When you expose API services to the public internet, you are responsible not only for their reliable operation, but also for their security. Sufficiently securing and protecting a public API is not just a business necessity – it’s a regulatory requirement. If your APIs are leaking secrets and sensitive PII information, you run the risk of facing lawsuits for failing to protect that information by properly securing them.

This may sound cliché, but the harsh truth is that many public APIs contain numerous vulnerabilities. Therefore, properly securing APIs so that the worst-case scenario doesn’t become a reality is a major challenge for development teams.

This article aims to give the reader a better understanding of what will work and what won’t work in the context of API security. We will walk you through the most essential considerations, taking into account the fact that there is no silver bullet for API security due to the ways in which APIs are built and deployed.

Let’s get started.

Reasons Why APIs Are Hard to Test and Secure

APIs come in all shapes and sizes. The most critical parts of an API are often the most susceptible to attacks on vulnerabilities like those listed in the OWASP API Security Top 10. For example, attackers might attempt to abuse paths for logged in users, exfiltrate sensitive data by fuzzy testing the endpoints, or force the site down using DDoS attacks. As the API surface increases, of course, so does the risk of exposure. Imagine having to protect APIs with hundreds of endpoints, each with its own conventions.

This could happen quite easily when there are multiple teams working on the same project and contributing to the same API. The API might not have a sole owner; instead, it might be exchanged between multiple stakeholders (such as project owners, developers, testers, operations, and network and security teams), with each group submitting their own piece to deliver new features to their customers.

Relying too heavily on some parts of the delivery pipeline to include sufficient security controls is equally problematic. For example, you shouldn’t rely on the development team to constantly provide the most secure software all the time. Developers do not habitually think like attackers. They will incorporate basic pragmatic reasoning and accept logical trade-offs when delivering sprint goals.
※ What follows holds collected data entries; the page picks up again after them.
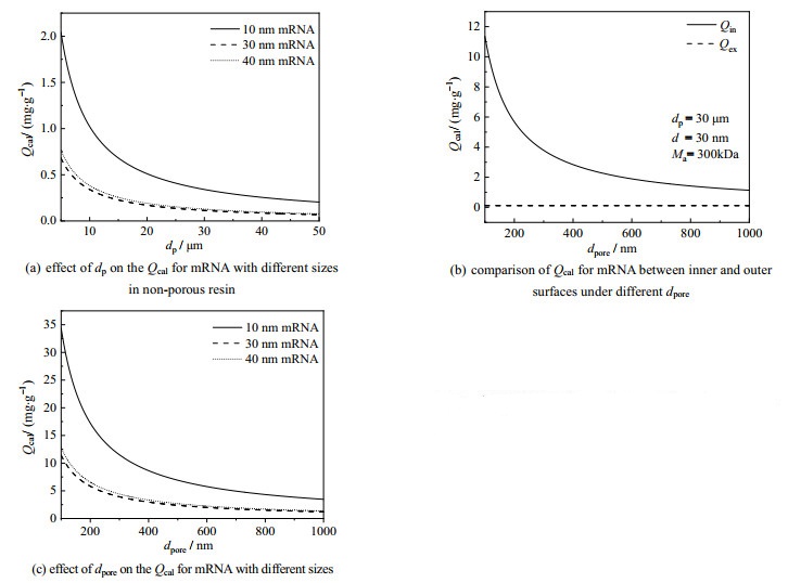 2.7 静态吸附容量理论计算以典型的分子大小和平均分子量的mRNA(10 nm和100 kDa,30 nm和300 kDa,40 nm和600 kDa)为模型分子,忽略mRNA分子间的相互作用力和传质阻力,只考虑mRNA水力学直径的影响,并在单分子层吸附前提下,模拟计算亲和层析介质对mRNA的静态吸附容量Qcal(mg⋅g−1),分析dp和dpore对Qcal的影响,并比较多孔微球对mRNA的内表面静态吸附容量Qin和外表面静态吸附容量Qex。计算式如下[28]:
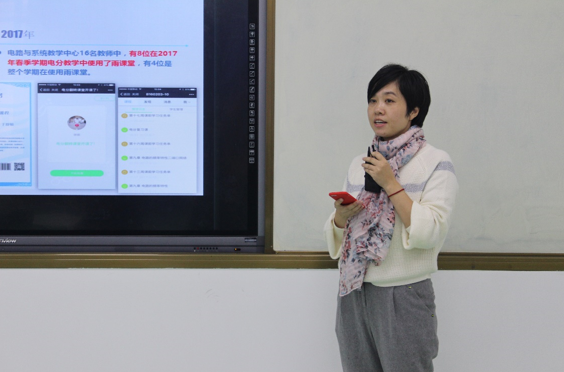 胡素君老师根据自己建设课程与开设在线课程的丰富经验,介绍了一门完整在线开放课程的建设内容及需要完成的工作,并针对每个环节总结可能遇见的问题与应注意的事项,为正在建设制作课程的教师提供了宝贵的经验。谢娜老师以在线课程《电路分析基础》为例,分享了自己运用“雨课堂”进行翻转课堂教学的心得与成功经验;李娟老师则以一堂生动的电路课演示了如何将“雨课堂”的功能恰到好处地应用到教学过程中的每个环节。培训结束后参会教师积极发言,针对在线课程建设与应用、“雨课堂”等相关的问题进行讨论与咨询。
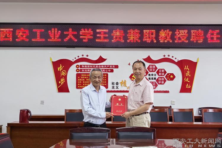 刘卜代表学校为王贵颁发了聘书,并佩戴校徽。
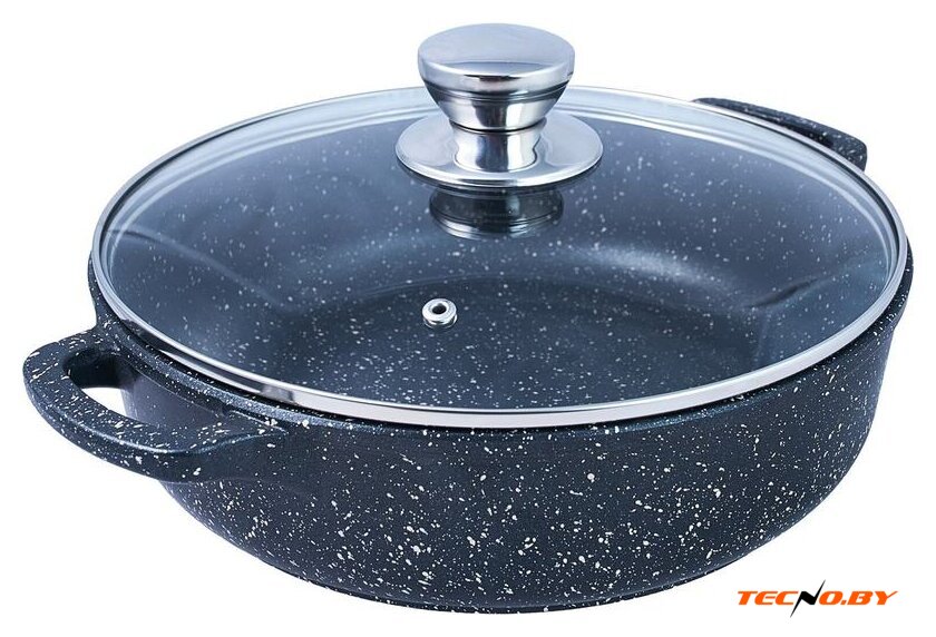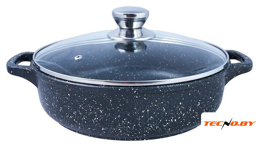 жаровня, алюминий, покрытие фторопласт, 24 см, стеклянная крышка, алюминиевая ручка
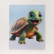 Jigsaw puzzle of a cute whimsical smiling turtle.
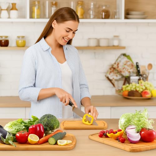 - طقم ألواح تقطيع بامبو متعددة الأغراض من هوماكسي: لا تسهل فقط تحضير اللحوم والخضروات والمكونات الأخرى، بل يمكن استخدامها كصواني لتقديم الجبن وصواني المقبلات، وغيرها. مجموعة مريحة من 3 قطع، وتشمل: لوح تقطيع كبير جدًا (45.7 × 31.75 سم)، لوح تقطيع كبير (36.83 × 29.21 سم)، ولوح تقطيع صغير (30.48 × 22.86 سم)، مما يتيح لك إتمام جميع مهام التقطيع، وتحضير الوجبات، وحتى التقديم بسهولة.
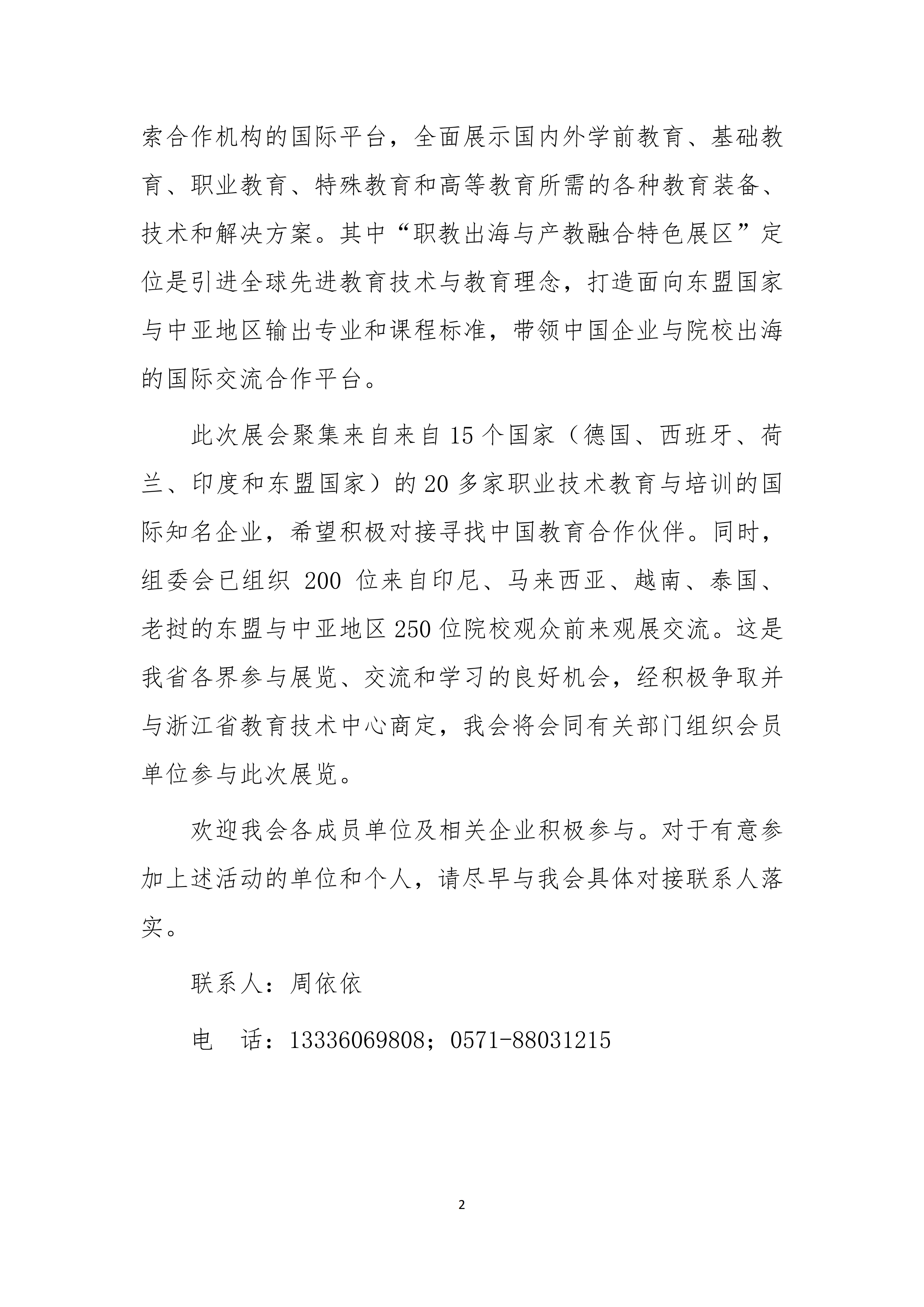 此次展會聚集來自來自 15 個國家(德國、西班牙、荷蘭、印度和東盟國家)的 20 多家職業技術教育與培訓的國際知名企業,希望積極對接尋找中國教育合作伙伴。同時,組委會已組織 200 位來自印尼、馬來西亞、越南、泰國、老撾的東盟與中亞地區 250 位院校觀眾前來觀展交流。這是我省各界參與展覽、交流和學習的良好機會,經積極爭取并與浙江省教育技術中心商定,我會將會同有關部門組織會員單位參與此次展覽。
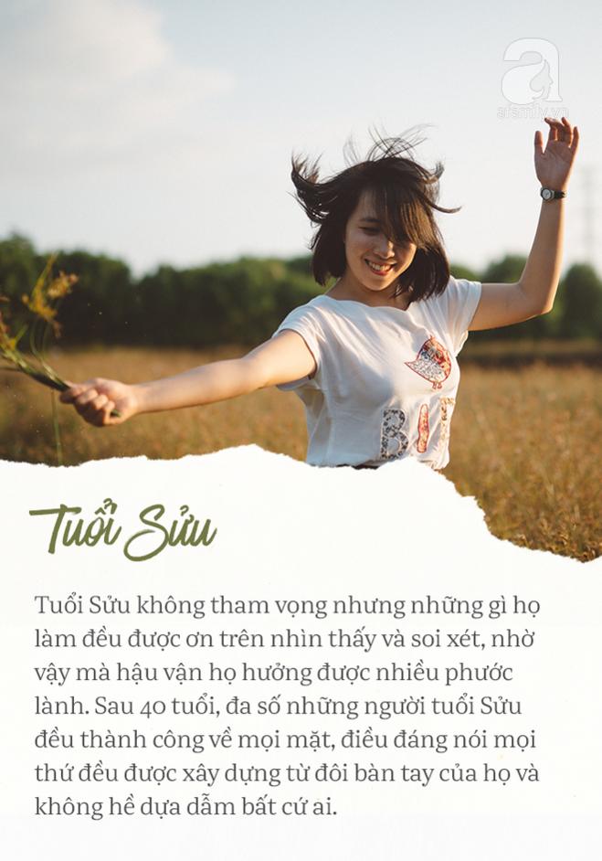 Tuổi Sửu không tham vọng nhưng những gì họ làm đều được ơn trên nhìn thấy và soi xét, nhờ vậy mà hậu vận họ hưởng được nhiều phước lành. Sau 40 tuổi, đa số những người tuổi Sửu đều thành công về mọi mặt, điều đáng nói mọi thứ đều được xây dựng từ đôi bàn tay của họ và không hề dựa dẫm bất cứ ai. Đàn ông nào có vợ tuổi Sửu thì phúc đức 3 đời, họ không những biết lo cho gia đình mà còn khiến gia đình hạnh phúc, an yên.
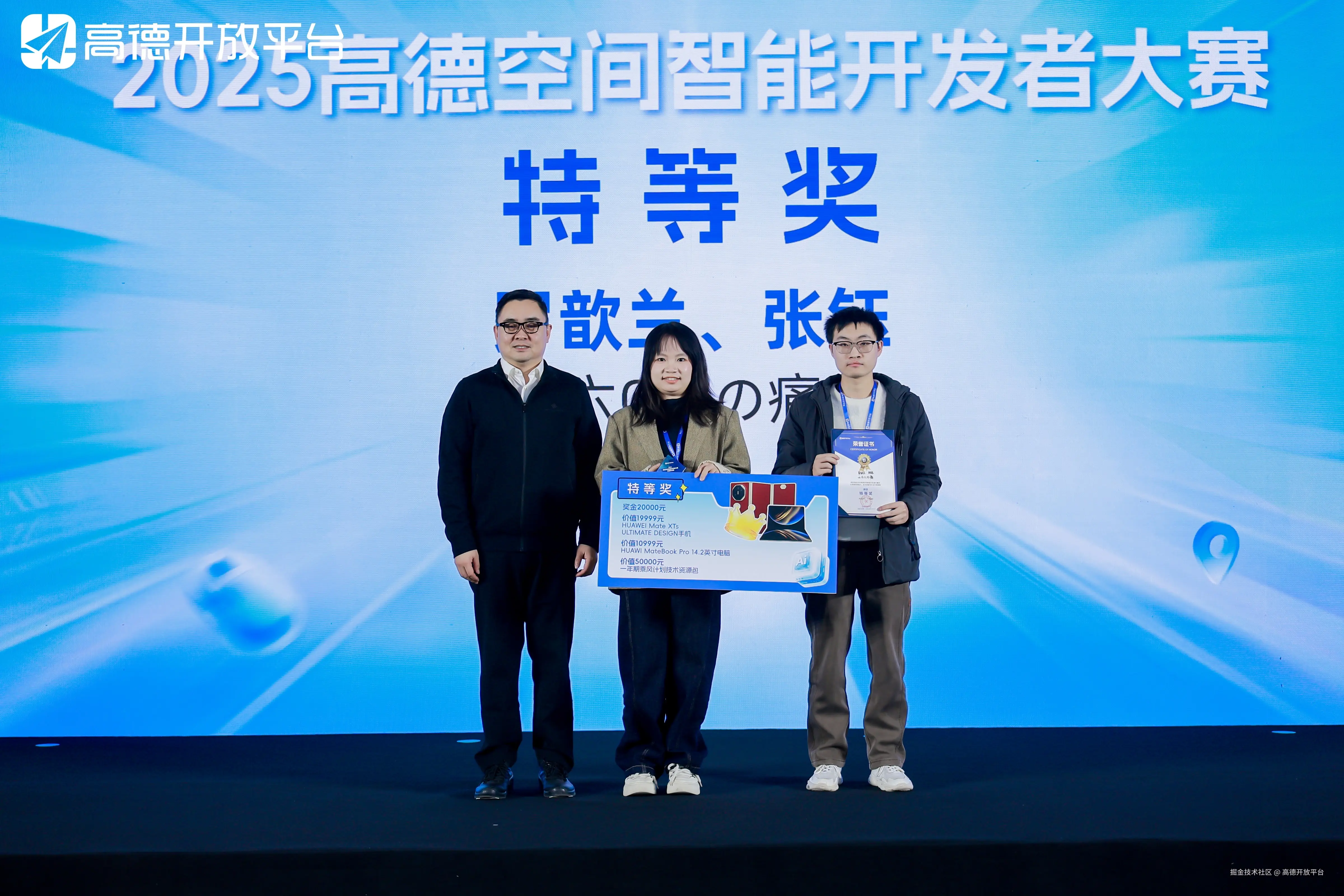 会上揭晓了高德空间智能开发者大赛的获奖名单,并为获奖团队举行了隆重的颁奖仪式。来自同济大学的罗歆兰和同伴带来的路演项目是——无障碍多模态AI安全导航助手,通过实时图像分析与智能推荐,轻松规划出行路线、识别障碍物,助力残障人士出行,成为现场关注焦点,并获得了本次大赛的特等奖。“活动搭建了一个很好的平台,现场看到了很多优秀的创新方案,不仅拓展了思路,更感受到了AI蓬勃的创造力。”她表示,回去后将不断优化完善路演项目,真正推动技术的突破与应用的落地。

However, they will miss important security considerations fairly often simply because they are generally unaware of use and abuse scenarios. Likewise, if you expect your WAFs to perpetually block all unwanted traffic and your static code analyzers to always pinpoint all security flaws in the code, then you will be in for a big surprise when attackers exploit unknown vulnerabilities or zero-day bugs.

Therefore, since APIs are hard to test and secure, you must be innovative in finding conventional tools, agile methodologies, and various approaches that work well together. Let’s explore some of them.

Tools and Approaches That Work Well Together – and Some That Don’t

Once you have established that you need to use flexible approaches to keep your APIs secure, you want to make sure that you are following the right guidance. There are lots of great guides and best practices for API security, but it’s important to differentiate the ones that make the most sense for your APIs from the ones that don’t.

Some of the approaches that work with API security are mainly focused on establishing in-depth defenses:

  • Authenticate and authorize by default: When you are developing APIs, you should explicitly mark unauthenticated endpoints (and not the other way around). For example, you should protect all endpoints with strong authentication (2-factor) and assign a default role that cannot read or modify any data. That way, there is less risk of exposing new endpoints that do not have any sort of protections.
  • Use API security scanners: Tools and services in this category include runtime protection, DAST (vulnerability scanning tools), static code analyzers, and security bots. These tools provide a nice layer of defense against baseline security issues.
  • Use penetration testing: You can hire professionals who think like attackers and are able to perform sophisticated tampering. These professionals have access to unconventional tools and leverage techniques that help expose issues that security scanners won’t pick up by default.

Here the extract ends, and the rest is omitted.